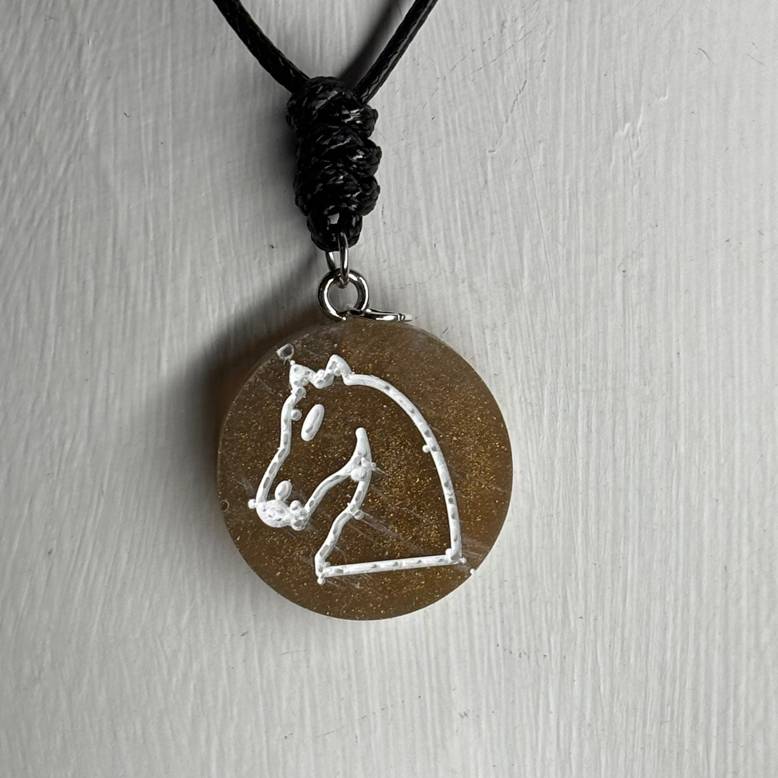 Bronze Yellow Knight - Handmade Resin Chess Necklace
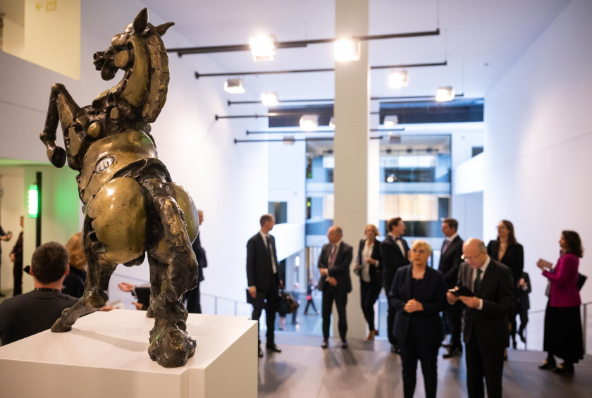 President Pirc Musar also said a few words about the statue of a Lipizzaner horse by Janez Boljka, which is symbolically important not only because it is a magnificent work of art by a Slovenian artist, but also because the same statue will adorn both the Presidential Palace in Ljubljana and one of the main staircases at the seat of the Court of Justice of the European Union. "When we discussed earlier this year what would be an additional work of art of special significance to adorn the Court of Justice, a collaboration between the National Gallery, the Office of the President and the Court of Justice resulted in the proposal that a statue of a Lipizzaner similar to the one gracing the pedestal of the central staircase at the Presidential Palace in Ljubljana would be a fitting addition to the Court of Justice," she explained. Only four casts were made, however, and the one in the Presidential Palace is the only one in public hands. After some research, the President's husband, Dr Aleš Musar, found another of the casts in one of Slovenia's largest private collections, owned by the NLB bank. On his initiative, NLB lent the statue on a long-term basis to the National Gallery, which in turn lent it to the Court of Justice in Luxembourg.
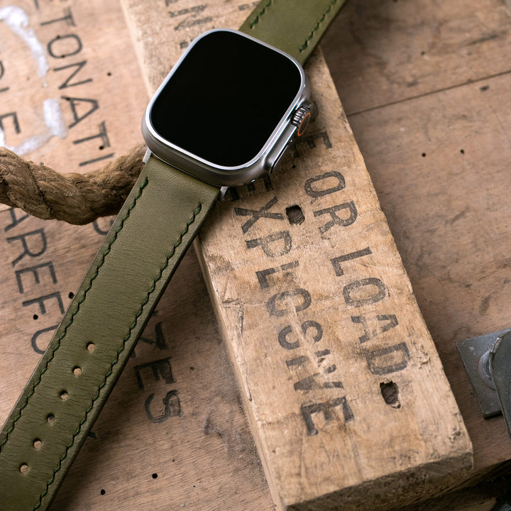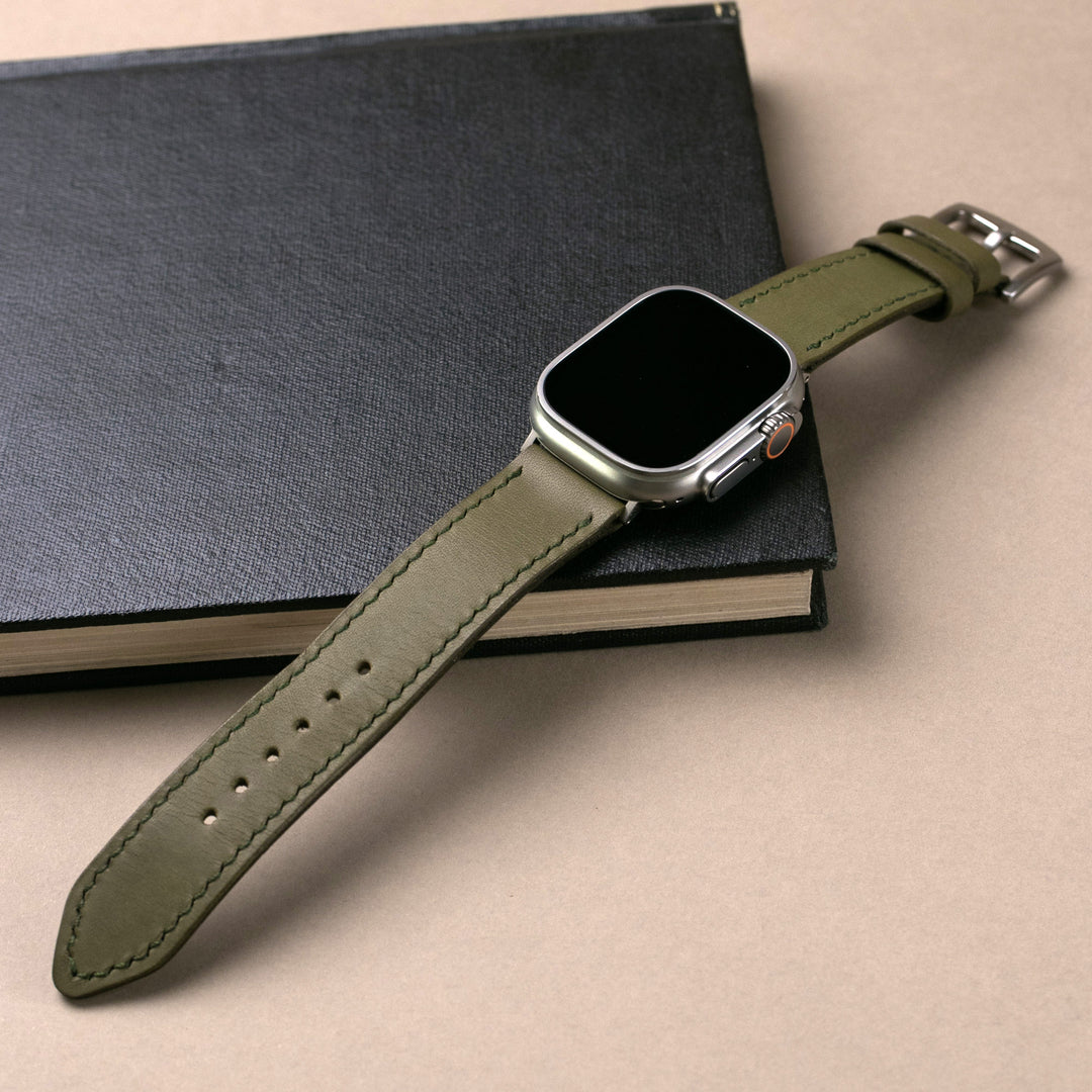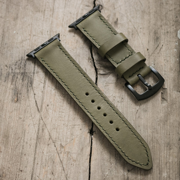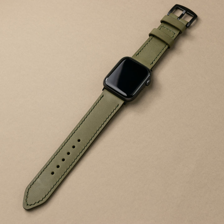 VegTan Çift Kat Deri Apple Watch Kayışı - Olive
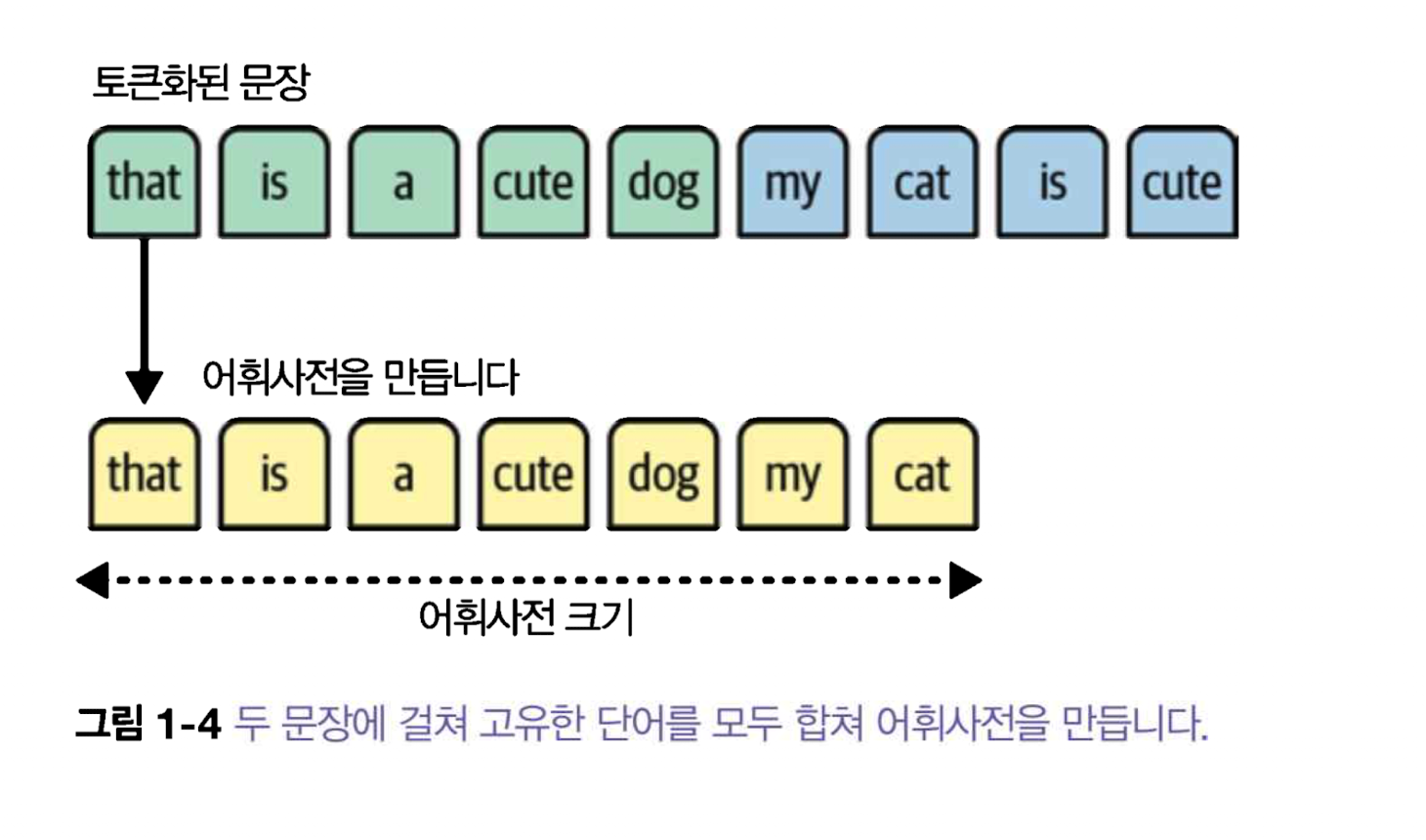 토큰화를 한 다음 각 문장의 고유한 단어를 모두 합쳐 어휘사전(vocabulary)를 생성하여 문장을 표현
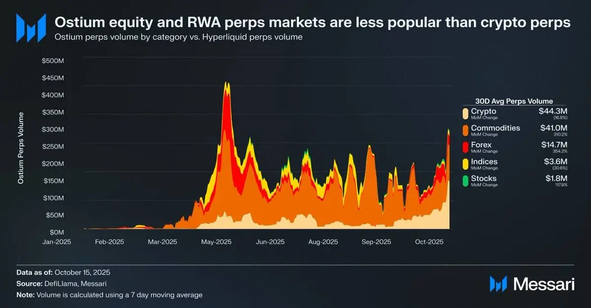 股票永续合约被认为是链上市场不可避免的下一片蓝海,但目前的数据表明短期内这一领域还难以实现突破。Ostium 作为一个专注于真实世界资产(RWAs)的永续合约去中心化交易所,其日均股票永续合约交易量仅为180万美元,而加密货币永续合约的交易量则达到4430万美元,这反映了需求的疲软。
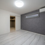 内観はホテルライクをテーマに、モノトーンで統一した大人の空間。グレーやブラックをバランスよく配色することで、落ち着きと高級感を両立させています。照明計画にもこだわり、明るさの中にも陰影が生まれることで、より洗練された雰囲気に。家具やインテリアも馴染みやすく、上質な暮らしを心地よく楽しめるLDKです。
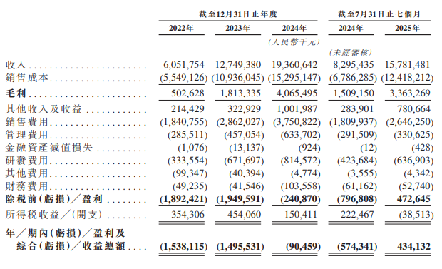 招股书显示,2022年至2024年,岚图汽车的营收分别为60.52亿元、127.49亿元、193.61亿元,复合年增长率为78.9%;今年1-7月的营收为157.8亿元,同比增长90.2%。

● ● ● ● ●

Set down all the entries above verbatim, and include none of the pictures.

## Answer below
 Bronze Yellow Knight - Handmade Resin Chess Necklace
 President Pirc Musar also said a few words about the statue of a Lipizzaner horse by Janez Boljka, which is symbolically important not only because it is a magnificent work of art by a Slovenian artist, but also because the same statue will adorn both the Presidential Palace in Ljubljana and one of the main staircases at the seat of the Court of Justice of the European Union. "When we discussed earlier this year what would be an additional work of art of special significance to adorn the Court of Justice, a collaboration between the National Gallery, the Office of the President and the Court of Justice resulted in the proposal that a statue of a Lipizzaner similar to the one gracing the pedestal of the central staircase at the Presidential Palace in Ljubljana would be a fitting addition to the Court of Justice," she explained. Only four casts were made, however, and the one in the Presidential Palace is the only one in public hands. After some research, the President's husband, Dr Aleš Musar, found another of the casts in one of Slovenia's largest private collections, owned by the NLB bank. On his initiative, NLB lent the statue on a long-term basis to the National Gallery, which in turn lent it to the Court of Justice in Luxembourg.
 VegTan Çift Kat Deri Apple Watch Kayışı - Olive
 토큰화를 한 다음 각 문장의 고유한 단어를 모두 합쳐 어휘사전(vocabulary)를 생성하여 문장을 표현
 股票永续合约被认为是链上市场不可避免的下一片蓝海,但目前的数据表明短期内这一领域还难以实现突破。Ostium 作为一个专注于真实世界资产(RWAs)的永续合约去中心化交易所,其日均股票永续合约交易量仅为180万美元,而加密货币永续合约的交易量则达到4430万美元,这反映了需求的疲软。
 内観はホテルライクをテーマに、モノトーンで統一した大人の空間。グレーやブラックをバランスよく配色することで、落ち着きと高級感を両立させています。照明計画にもこだわり、明るさの中にも陰影が生まれることで、より洗練された雰囲気に。家具やインテリアも馴染みやすく、上質な暮らしを心地よく楽しめるLDKです。
 招股书显示,2022年至2024年,岚图汽车的营收分别为60.52亿元、127.49亿元、193.61亿元,复合年增长率为78.9%;今年1-7月的营收为157.8亿元,同比增长90.2%。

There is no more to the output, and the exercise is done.